Genyo e-Learning
- Website type: Educational technology
- Available in: English
- Owner: Diwa Learning Systems Inc.
- Website: www.genyo.com.ph
- Commercial: Yes
- Launched: 2004
- Current status: Active

= Genyo e-Learning =

Online learning platform

Genyo e-Learning is an online learning platform developed by Diwa Learning Systems Inc. and launched in 2004. It provides digital educational resources for grades 1-10 across five core subjects, supporting both blended and fully online learning models. The platform includes curriculum-based content, online tutorials, and performance monitoring tools for the Philippine educational system. It has been adopted by various schools, becoming particularly prominent during the COVID-19 pandemic. Diwa Learning Systems Inc. provides training and technical support related to the system's implementation.

== History and development ==
Genyo e-Learning was launched in 2004 by Diwa Learning Systems Inc. with the stated goal of integrating Information and Communications Technology (ICT) into education. It has since expanded its functionality to support blended and fully online learning environments. Diwa Learning Systems Inc. conducts webinars and face-to-face training programs for educators, students, and parents on the use of the platform. The company employs Learning Integration Specialists (LIS) to assist schools with technical and implementation issues.

=== Implementation and impact ===
Genyo e-Learning has been adopted by schools across the Philippines.

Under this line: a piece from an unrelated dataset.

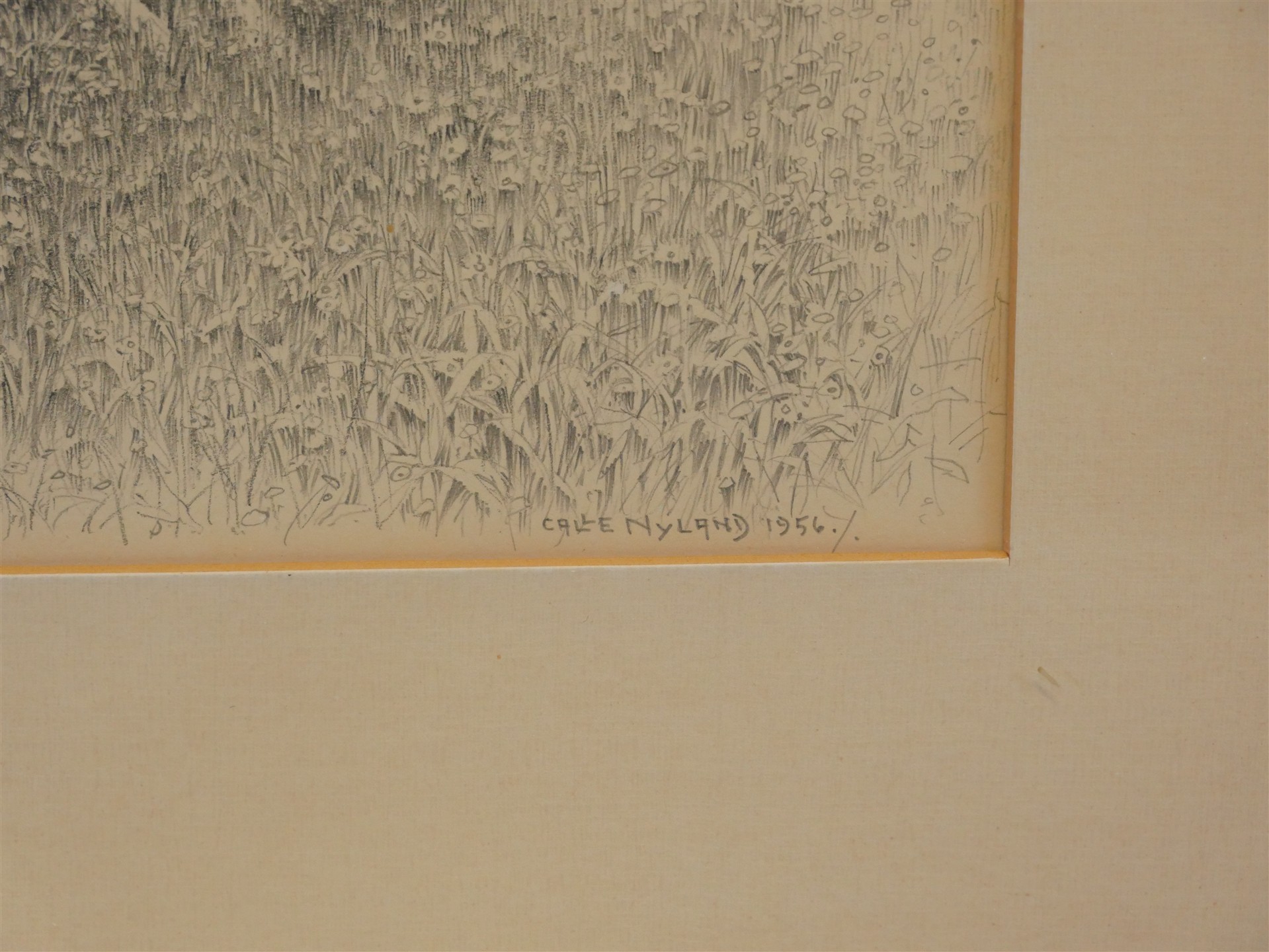 215. CALLE NYLAND. Blyertsteckning, sign Calle Nyland 1956. Tavlans mått 45 x 58 cm.

Malate Catholic School has utilized Genyo for its hybrid learning program since 2012, integrating face-to-face and online learning activities. During the COVID-19 pandemic, the platform was used by schools, such as Divine Light Academy in Bacoor, Cavite, and Our Lady of Lourdes School of Bauan in Bauan, Batangas to transition their educational programs to online learning.

== Features ==
The platform includes curriculum-based content in Science, Mathematics, English, Filipino, and Araling Panlipunan. This content includes interactive multimedia elements, online tutorials, and performance-tracking tools for students and teachers.